JEV. (piano a Pamela) (Il padrone mi sembra gioviale.)
PAM. (piano a Jevre) (Sarà lieto, perchè io parto. Pazienza.)
BON. Pamela, io vi ho mandata a chiamare, e voi non siete venuta.
PAM. Perdonatemi questa nuova colpa.
BON. Perchè quell'abito così succinto?
PAM. Adattato al luogo dove io vado.
BON. Perchè quel cappellino così grazioso?
BON. Non sarebbe meglio partir adesso?
PAM. (piano a Jevre) (Non mi può più vedere.)
JEV. (piano a Pamela) (Questa è una gran mutazione.)
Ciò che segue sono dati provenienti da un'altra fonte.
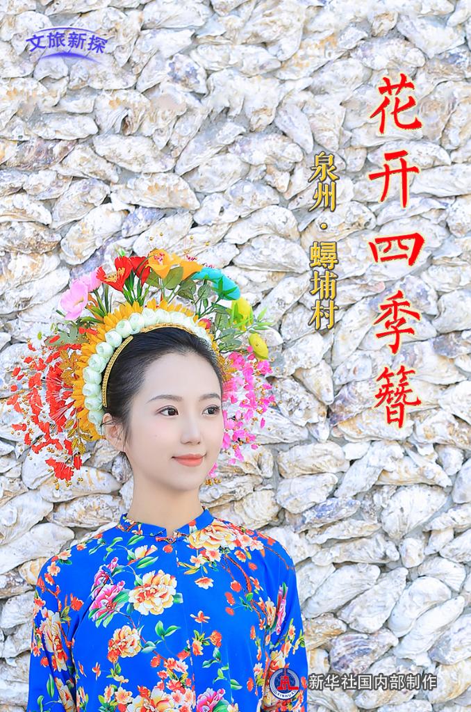 游客在泉州蟳埔村体验“簪花围”拍照。新华社记者 庞梦霞 摄

BON. Jevre, preparate l'appartamento per la mia sposa.
PAM. (piano a Jevre) (Ora intendo, perchè ei sollecita la mia partenza.)
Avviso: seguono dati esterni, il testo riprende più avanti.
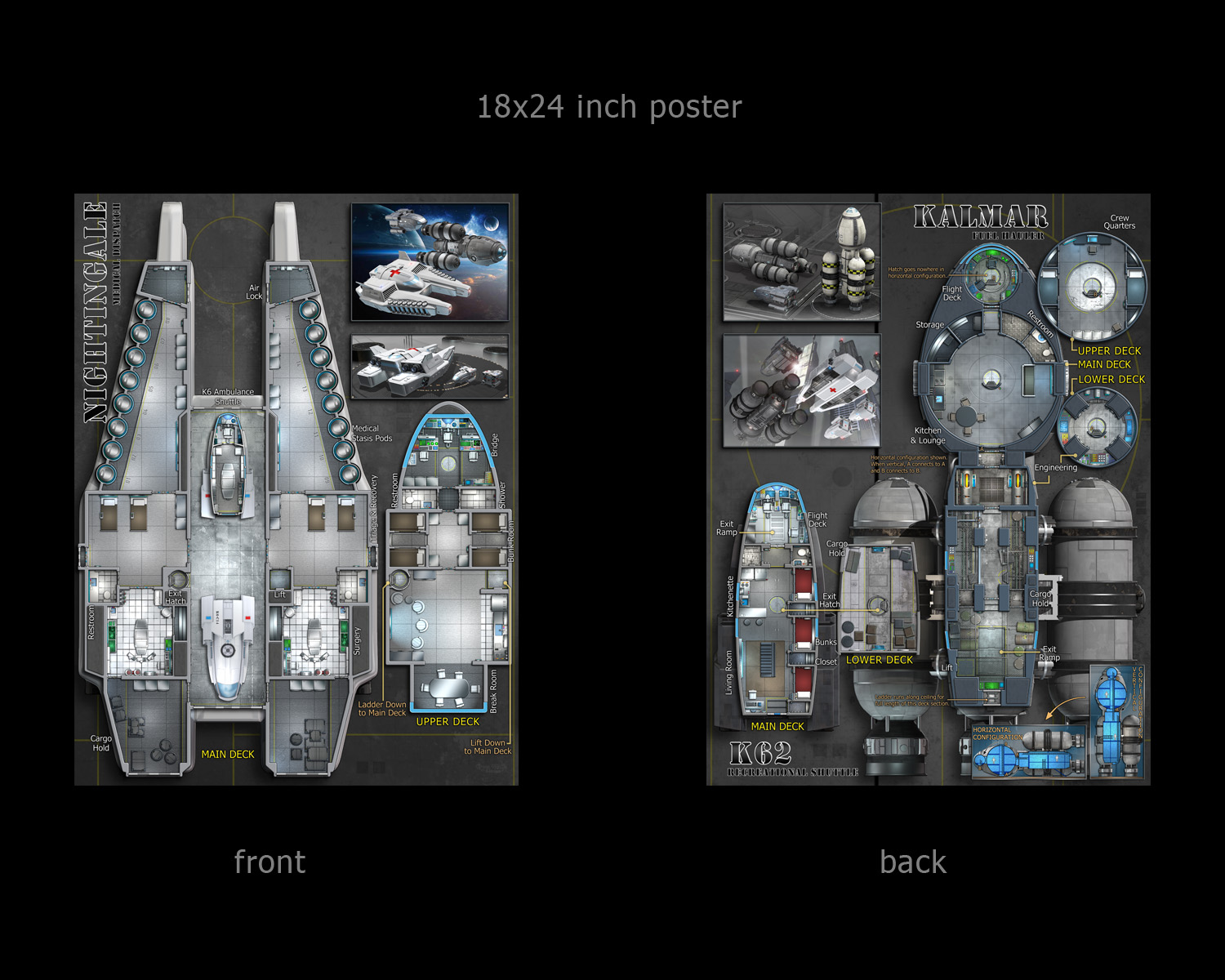 This small ship set features a half-sized poster and three ships: the Nightingale medical transport, the Kalmar tanker, and the Cavalo K62 Shuttle.

JEV. Un matrimonio fatto sì presto?
BON. Sì, fate che le stanze siano magnificamente addobbate. Unite tutte le gioje che sono in casa; e per domani fate che vengano de' mercanti e de' sarti, per dar loro delle commissioni.
PAM. (da sè) (Io mi sento morire.)
JEV. Signore, perdonate l'ardire. Posso io sapere chi sia la sposa?
BON. Sì, ve lo dirò. È la contessa d'Auspingh, figlia di un cavaliere scozzese.
PAM. (da sè, sospirando) (Fortunatissima dama!)
BON. Che avete, Pamela, che piangete?
PAM. Piango per l'allegrezza di vedervi contento.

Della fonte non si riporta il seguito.